Although the Declaration is concerned with existing relationships with States that are quite different to those contemplated in this constitutional transformation process, it is nevertheless relevant because it is the sum of what literally thousands of Indigenous Peoples have regarded as a minimum international set of human rights.

Symbolically it is also important because the inclusion of the right to self determination was only achieved after years of struggle by Indigenous Peoples against governments (including the government of New Zealand) that sought to deny it.

The success of that struggle can give hope and reassure people that the difficulties involved in constitutional transformation can be overcome.

Next week we will begin considering indigenous constitutions in practice. 

Monday, September 19, 2016

UN DECLARATION - THE ARTICLES

[1] The United Nations Declaration on the Rights of Indigenous Peoples comprises 46 articles.  In the course of the hui held by Matike Mai o Aotearoa between 2010 to 2015 a number of those articles were referred to, including the Preambular Statement –

“Recognising the urgent need to respect and promote the … rights of Indigenous Peoples which derive from their political, economic and social structures and from their cultures spiritual traditions, histories and philosophies, especially their rights to their lands, territories and resources …”

The particular articles people felt were most relevant were

“Article 3 – Indigenous Peoples have the right to self-determination.  By virtue of that right they freely determine their political status and freely pursue their economic, social and cultural development.

Article 36 – Indigenous Peoples have the right to recognition, observance and enforcement of treaties, agreements and other constructive arrangements concluded with the States of their successors and to have States honour and respect such treaties, agreements or other constructive arrangements.”

For many participants the Article 3 definitions of self-determination were also apt descriptions of rangatiratanga.  In their view it therefore had real relevance in the development of a tikanga and treaty-based constitution –

“Really rangatiratanga is just us determining our own destiny which Article 3 talks about.  I’m not fussed whether there are all sorts of legal arguments about whether the Crown will let the Declaration be used … or even when self-determination really applies because I just see it as another statement about our rights, and in a way that’s what all the kōrero is about.”
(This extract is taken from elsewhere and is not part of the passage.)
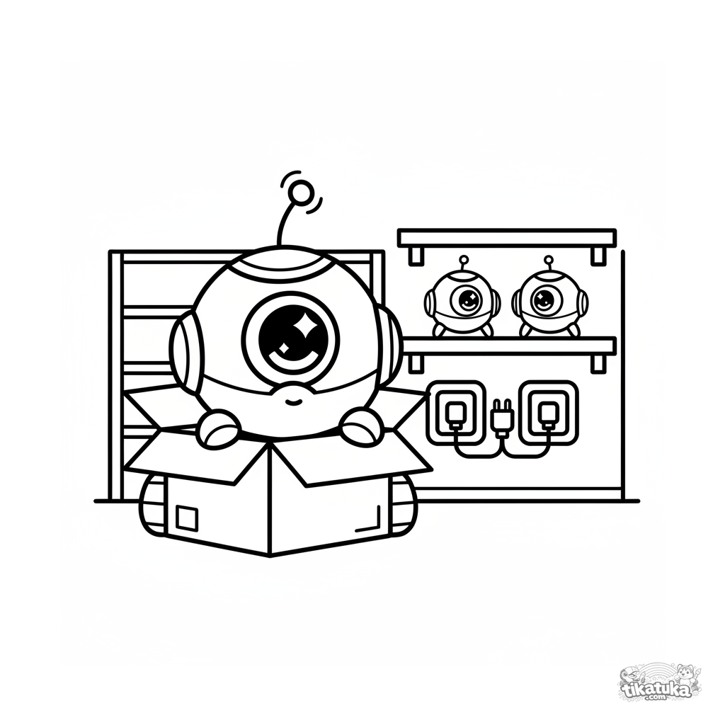 Página para colorir simples para crianças pequenas de 2-3 anos: um robô esférico curioso espreita de trás de uma caixa. Formas grandes, muito poucos detalhes, áreas enormes para colorir.

“When our tūpuna went overseas in the early 19th century and came back with all sorts of new ideas about farming and roading and so on, they also came back with new political ideas about how Hapū might organise themselves to meet the new times they were in … we’ve never been afraid of claiming international precedents and that’s all the Declaration is – another way of helping see our rights and our tino rangatiratanga at an international level as well as here at home.”

“The Declaration probably isn’t perfect, but like Te Tiriti it’s there for us to use … and if we can use it like Te Tiriti by holding on to what it says about our rangatiratanga or self-determination and then trying to give voice to it, that will be of real value to this mahi.”

Article 36 was considered particularly important because of the Crown’s ongoing use of Te Tiriti as a treaty of cession

“That Article 36 is really interesting when it talks about enforcement, because the Crown thinks it’s enforcing Te Tiriti, but it only does that because it says we let them take our mana.  That’s not enforcing Te Tiriti, it’s enforcing what the Crown wanted it to be.”